Extension methodData mining +3

Image

  • Extension method and device for distributed database
  • Extension method and device for distributed database
  • Extension method and device for distributed database

Examples

  • Experimental program(1)

Example Embodiment

[0078] In order to understand the characteristics and technical content of the embodiments of the present invention in more detail, the implementation of the embodiments of the present invention will be described in detail below with reference to the accompanying drawings. The attached drawings are for reference and explanation purposes only, and are not used to limit the embodiments of the present invention.
[0079] figure 1 It is a flowchart of a distributed database expansion method according to an embodiment of the present invention, such as figure 1 As shown, the method for expanding a distributed database in an embodiment of the present invention includes the following processing steps:
[0080] Step 101: When it is determined that there are data hosts in the data access service, a new data distribution strategy is set for all data hosts according to the expansion target.
[0081] In the embodiment of the present invention, when a new data host is connected, the current data needs to be redistributed. Specifically, a new data distribution strategy is set for all data hosts according to the expansion target, and the current data is adjusted according to the new data distribution strategy. Perform the migration.
[0082] Step 102: After determining that the data corresponding to the new data distribution strategy starts to migrate, set the status of the new distribution strategy to being migrated.
[0083] Step 103: After the data corresponding to the new data distribution strategy is migrated in a sub-table routing manner, the old data distribution strategy is replaced with the new data distribution strategy.
[0084] Wherein, the migration of the data corresponding to the new data distribution strategy in a sub-table routing manner includes:
[0085] Generating a new table name corresponding to the new data distribution strategy according to the new data distribution strategy and the database table naming specification;
[0086] Create a table according to the new table name in the corresponding database of the data host involved;
[0087] In a multi-process and multi-threaded manner, the data to be migrated is stored in the created table.
[0088] The storing the data to be migrated into the created table includes:
[0089] Start a cursor for each original table, and read the records corresponding to the cursor in turn;
[0090] Delete the records on the original table according to the primary key of the original table and the read record value, and insert the read record value into the corresponding new data according to the distribution routing rule corresponding to the new data distribution strategy The created table.
[0091] After the foregoing steps 101 to 103, the technical solution of the embodiment of the present invention further includes:
[0092] When inserting the read record value into the corresponding new table fails, the node where the original table is located and the node where the newly created table is located both perform transaction rollback, and roll back to the state before the data to be migrated is stored ; When the read record value is successfully inserted into the corresponding new table, the node where the original table is located and the node where the newly created table is located sequentially commit transactions.
[0093] When a single record update or delete request is received during the migration process, when it is determined that there is a data conflict between the single record and the migration operation, the updated data is migrated to the new table or the original table is directly deleted before the data migration If after data migration, use the data to directly update the new table or delete the data in the new table.
[0094] When a single record insertion request is received during the migration process, the insertion is performed according to the table name of the new table and the node where it is located, the transaction is committed when the insertion is successful, and the failure reason is returned when the insertion fails.
[0095] When a batch record query request is received during the migration process, the query is performed on the original table according to the original data distribution strategy, the query is performed on the new table according to the new data distribution strategy, and the query results are merged and returned in a unified manner.

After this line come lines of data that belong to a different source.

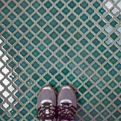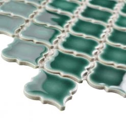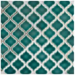 The Merola Tile Hudson Tangier Emerald 12 in. x 12 in. Porcelain Mosaic Tile features our popular lantern design with a modern update. Each piece is truly unique, with subtle variations in the blue-green color and the width of the milky border. Its rich reactive glaze echoes the hue in the deep Pacific Ocean, setting up a calming effect for your bath, shower, light-duty floor or backsplash. Impervious, frost-resistant and easy to clean, this tile is a perfect choice on its own or coordinated with other colors in our Hudson series.
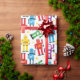 Weißes Geschenkpapier mit farbenfrohen Mustern von Außerirdischen und Robotern aus der Science Fiction von Kindern
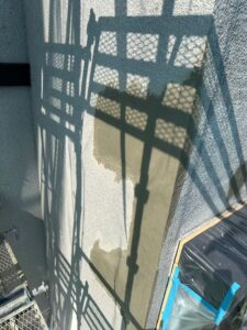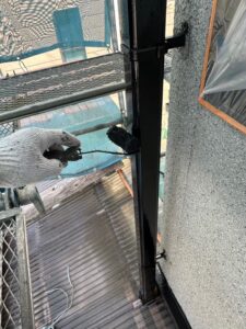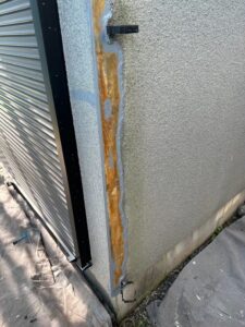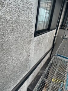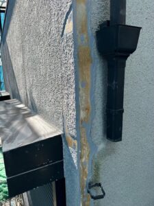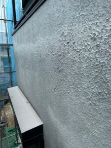 竪樋が取り付けられていた部分は、特に剥がれが著しく、補修が必要な状態でした。

When a batch data update or delete request is received during the migration process, the data migration process will be suspended. After the data transactions currently being migrated are submitted, the data in the new table and the original table are respectively processed according to the original data distribution strategy and the new data distribution strategy. Update or delete. When the update or delete fails, the transaction rollback is executed. When the update or delete succeeds, the transactions of each node are submitted in turn, and the data migration is continued.
[0096] The following uses specific examples to further clarify the essence of the technical solutions of the embodiments of the present invention.
[0097] The embodiment of the present invention mainly uses a background independent program to gradually migrate data. During data migration, the DDS data access layer performs table routing at the same time according to two different data distribution strategies, the old and the new. When the back-end independent program completes the data relocation, DDS switches to a new data distribution strategy to perform sub-table routing.
[0098] figure 2 This is the overall implementation sequence diagram of the distributed database expansion method of the embodiment of the present invention, such as figure 2 As shown, in the embodiment of the present invention, in the data access service, the new extended data host is accessed first, and the data distribution strategy is set according to the extended target. After the data distribution strategy is set, the data access service sets the new strategy to not start data migration. After the background data migration program is started, the data access service will be notified, the new distribution strategy status will be changed to the migration, and the data migration will be performed at the same time. For the SQL processing request submitted by the application, the data access service judges, and if the distribution strategy status is in migration, the related request will be specially processed. When the independent program is completed, the migration result is confirmed. If the conditions are met, the data access service is notified and the distribution strategy status is changed to normal. This expansion is over.
[0099] image 3 It is a flowchart of initialization processing when a distributed database is expanded according to an embodiment of the present invention, such as image 3 As shown, in the initialization process, first check whether the related tables that need to be redistributed are still in data migration. This is achieved by checking the status identification method. A flag bit is set for each distribution table in the DDS. The flag bit is set when the data migration is started, and the flag bit is cleared after the migration is completed to prevent a distribution strategy from being adjusted. A new distribution strategy adjustment was initiated.
[0100] After the background independent data migration program is started, the new table name corresponding to the new strategy is generated according to the distribution strategy and the database table naming convention, and the table is created according to the new table name on each database node involved. If all the nodes involved create a table successfully, the initialization is successful, and the subsequent processing is continued; otherwise, the initialization fails, and the DDS is notified, and the DDS clears the flag bit, and at the same time restores the old distribution strategy, and continues to perform table routing according to the old distribution strategy .
[0101] After the initialization is successful, you can start multi-process and multi-threaded data migration. Figure 4 Is a data migration flowchart of an embodiment of the present invention, such as Figure 4 As shown, the overall processing flow of the data migration background program is as follows:
[0102] In the process of data migration, the cursor is first started on each original table, and the records of the cursor are read in turn. Each time a record is read, the record on the old table is deleted according to the primary key of the old table and the value of the read record, and the record is judged according to the new distributed routing rule and inserted into the corresponding new table.
[0103] If the insertion of the new table fails, both the node where the old table is located and the node where the new table is located do transaction rollback processing. If the new table is inserted successfully, the node where the old table is located and the node where the new table is located perform transaction commit in turn. If according to the new distributed routing rules, the old and new tables are on the same node, only one transaction can be submitted.
[0104] After the insertion fails, the transaction is rolled back, and the related records remain on the old table. After the data migration is completed, the abnormal data needs to be handled by the maintenance staff according to the abnormal data processing process.
[0105] When all records of the old table are processed, the entire migration process ends.
[0106] In order to ensure that the business is not interrupted, during the entire migration process, the operation of the related table will not be suspended, and the DDS will not interrupt the processing request of the related table. The following operations on related tables are divided into five situations: single record query (query by primary key), single record insert, single record update or delete, batch result set query, and batch data update or delete.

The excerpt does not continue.